The paper effectively tackles the hurdles in training and inference with early-exit LLMs by proposing a series of algorithmic innovations. These include:

  1. Backpropagation Through Pipeline Stages: The authors introduce an innovative method to support backpropagation in a pipeline-parallel setup across various exits. This is crucial as existing parallelism frameworks like Megatron-LM don't natively support cross-pipeline loss aggregation required for early-exit models.
  2. Efficiency Optimizations: EE-LLM includes several performance optimizations that minimize the computational overhead introduced by early-exit layers. The paper identifies and efficiently utilizes idle computational resources created due to pipeline bubbles, balancing workload distribution across pipeline stages, which is crucial for enhancing training and memory efficiency.
  3. Inference with KV Caching Compatibility: Two methods are devised to resolve conflicts between early-exit inference and key-value (KV) caching, both critical for autoregressive sequence generation tasks. The first employs a novel form of pipeline parallelism that allows for concurrent token generation, and the second utilizes KV recomputation to maintain speed and consistency.
  4. Model Architecture Flexibility: EE-LLM offers flexibility in configuring early-exit layer structures and their distribution across the model pipeline, providing researchers the tools to balance complexity and computational savings.

Analytical and Empirical Insights

The research presents both analytical and empirical analyses to support the claim of achieving higher training efficiency with minimal overhead. Empirical results confirm that training time increases marginally with the introduction of early-exit layers, while peak memory usage can remain constant or negatively impacted when optimally positioned stages are utilized. This is significant because it means early-exit models can scale up to sizes comparable to conventional LLMs within the constraints of existing computing resources.

In terms of inference, the development of a pipeline-based method ensures that the advantages of early-exit models can be fully realized without delaying future token generation due to missing KV caches. Analysis reveals that this method provides substantial speedup in sequence generation with minimal impact on final output quality.

Implications and Future Directions

EE-LLM extends the application scope of 3D parallelism by incorporating early-exit logic into the training and deployment of LLMs. The implications of such advancements are broad, suggesting that massive LLMs, previously limited by computational resource constraints, can be trained and deployed more efficiently.
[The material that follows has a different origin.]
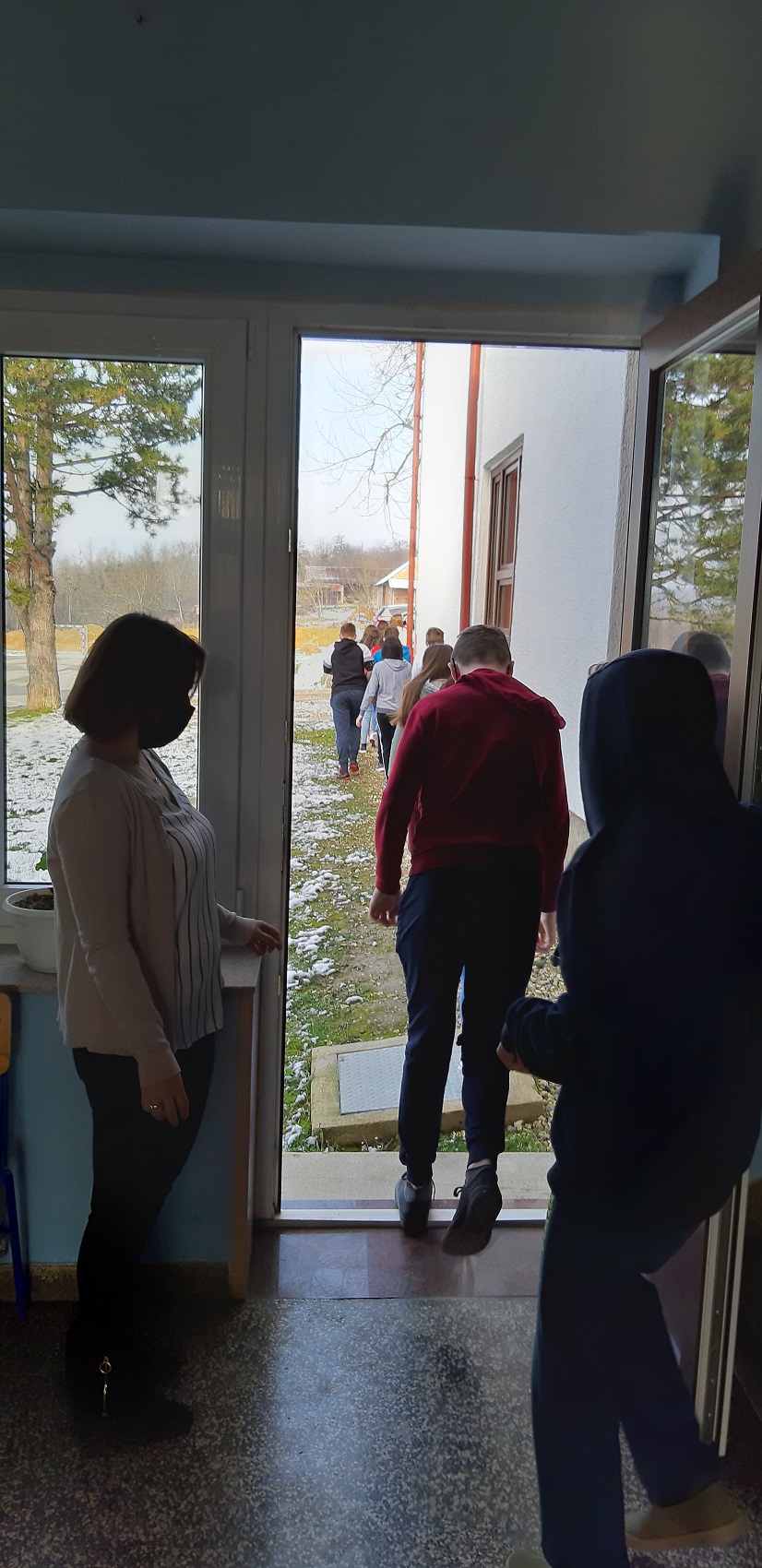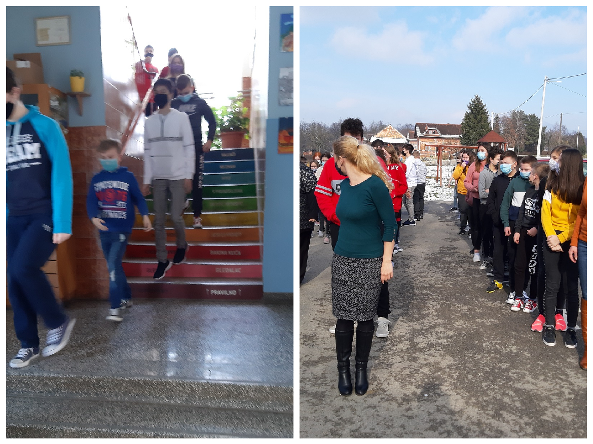 Svi razredi A i B smjene jučer su vježbali evakuaciju u slučaju potresa. Uvježbavanjem evakuacije rukovodio je ravnatelj Stjepan Lučki. Prije same vježbe ravnatelj nam je objasnio da prilikom izlaska iz škole trebamo biti pažljivi i slušati upute učitelja.

The theoretical and practical contributions provide a foundation for future exploration into optimizing various checkpoints in model training and inference. The advanced support for variable configurations within early-exit frameworks opens additional avenues for exploring adaptive computation in real-time, allowing for dynamic model scalability. Moreover, future explorations could further integrate early-exit mechanisms with other conditional computation strategies like sparse mixtures of experts to amplify efficiency gains.

The EE-LLM framework bridges a critical gap in LLM scaling by aligning early-exit benefits with 3D parallelism, emphasizing both the immediate and broader adoption potential of early-exit strategies in the AI community. These insights and methods potentially redefine the computational economics of deploying large-scale LLMs in diverse applications.